Quando trazemos essa problemática para a realidade de Cubatão, o que vemos não é muito diferente. A Prefeitura irá gastar cerca de 3 milhões de reais em 1,5 Km da Avenida 9 de Abril, com o objetivo de lhe dar uma nova cara. Tudo maravilhoso ao menos no papel. Mais acessibilidade e um embelezamento que é sempre saudável. Todavia, é preciso relembrar que ainda na administração passada outros muitos milhões foram gastos com o mesmo objetivo e no mesmo local. Vejo nessa situação, um mal que está impregnado no comportamento de nossos políticos, que precisam urgentemente descaracterizar tudo o que foi anteriormente feito e marcar a ferro e fogo o seu nome pelas ruas da cidade. Onde está verde pinta-se de vermelho (veja coluna do Raul Christiano no jornal Povo de Cubatão dessa semana), onde o piso é quadrado coloca-se retangular e assim por diante.

Por outro lado, a ausência de planejamento se verifica também na incapacidade dos governos de manter o patrimônio público devidamente conservado. Lembro, por exemplo, de que em minha infância cansei de brincar nos parques de Cubatão, em especial, no Anilinas e no Cotia-Pará, que se não eram grandes maravilhas do mundo ao menos serviam bem a população. No entanto, com o tempo as manutenções no local foram ficando cada vez mais raras e a atratividade dos parques “brochou”. A obra no Parque Anilinas, que está sendo tocada pela gestão municipal atual, é muito bem vinda, mas é preciso que seja feita com qualidade de mão-de-obra e dos materiais utilizados. Além disso, a manutenção periódica  é essencial. Sem isso, toda a beleza de projetos mirabolantes não resistirão ao sopro do primeiro vento mais forte.

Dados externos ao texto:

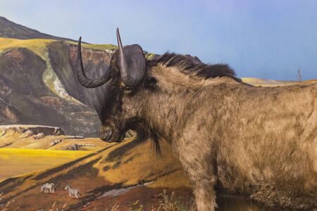 Wildebeest is standing in the tall, dry grass of the african savanna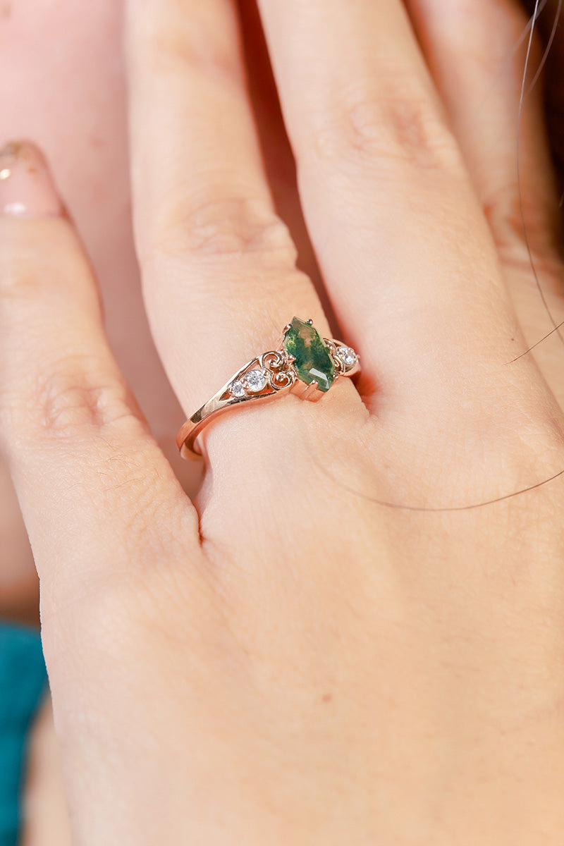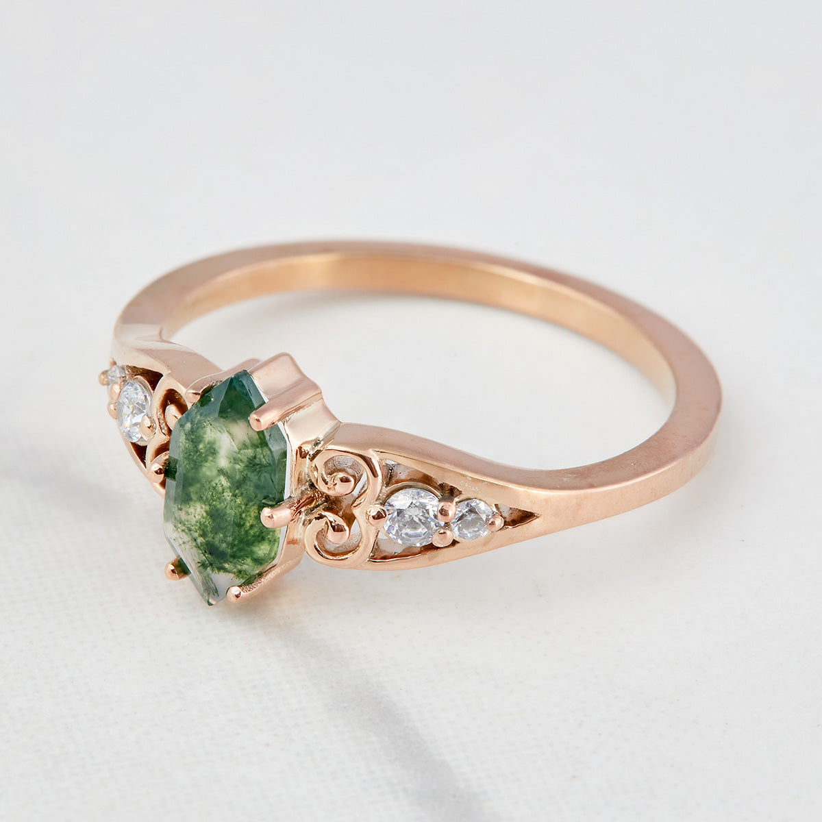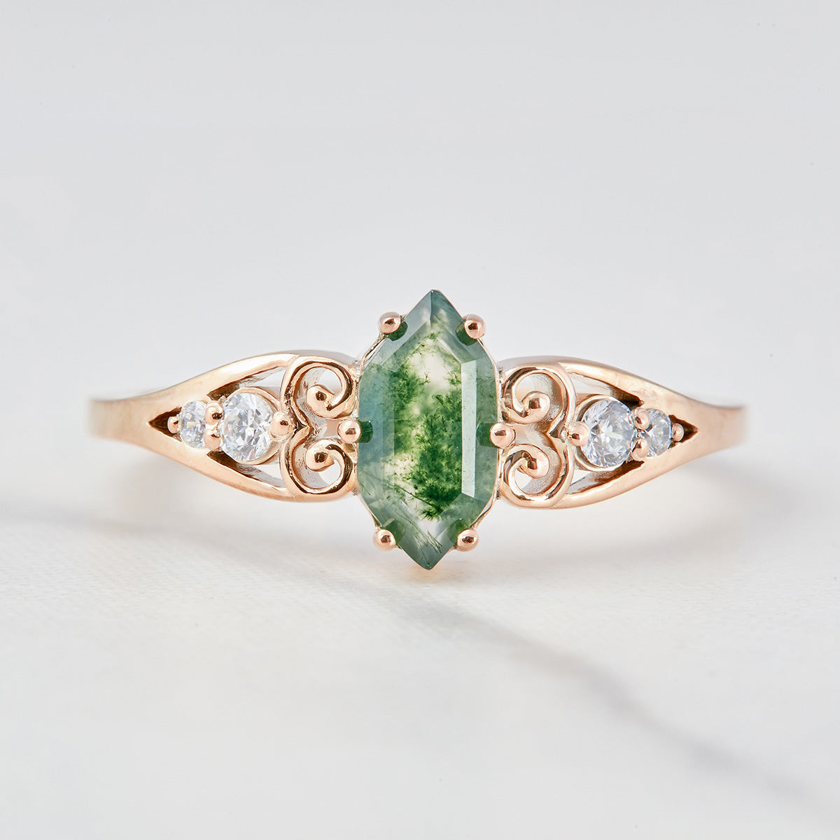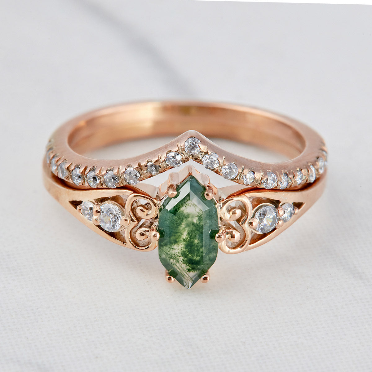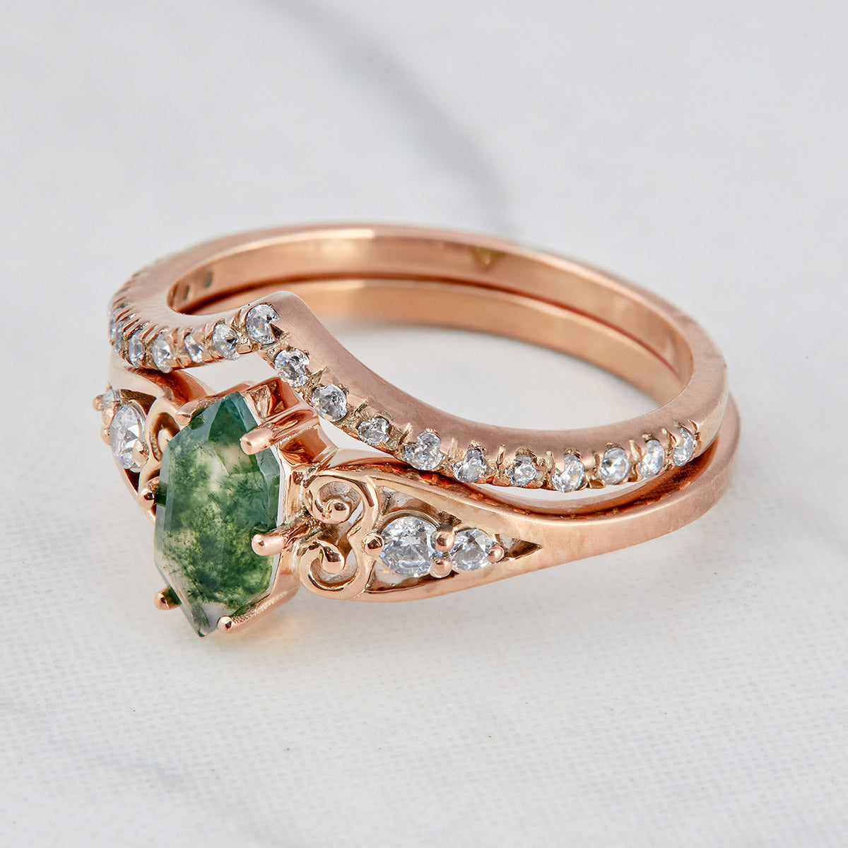 Learn more1.20CT Moss Agate Engagement Ring Set Hexagon Cut Rose Gold

Vou deixar bem claro que gosto de ver obras acontecendo, no entanto, o que me deixaria de fato satisfeito seria presenciar uma política que visasse à manutenção do que foi feito de bom anteriormente e que planejasse o futuro independente de partidarismos. E a manutenção nesse caso não é apenas uma força de expressão, falo também do trabalho prático, árduo e diário para manter o que é público em bom estado de conservação. Por vezes, ao menos o que aparenta a quem, assim como eu, não é partidário de X ou Y, e observa a tudo apenas como cidadão, é que ao assumir uma nova liderança supostamente de oposição em um do cargo do poder executivo, automaticamente deixam-se obras de seu antecessor paradas e mesmo as boas realizações passadas apodrecendo, apenas para se gastar mais posteriormente e se garantir a autoria de uma nova obra. É a política do faz de conta, diga-se de passagem, bem útil para enganar e ganhar votos de uma boa parcela do eleitorado que se encanta com o circo, mas se esquecesse do pão!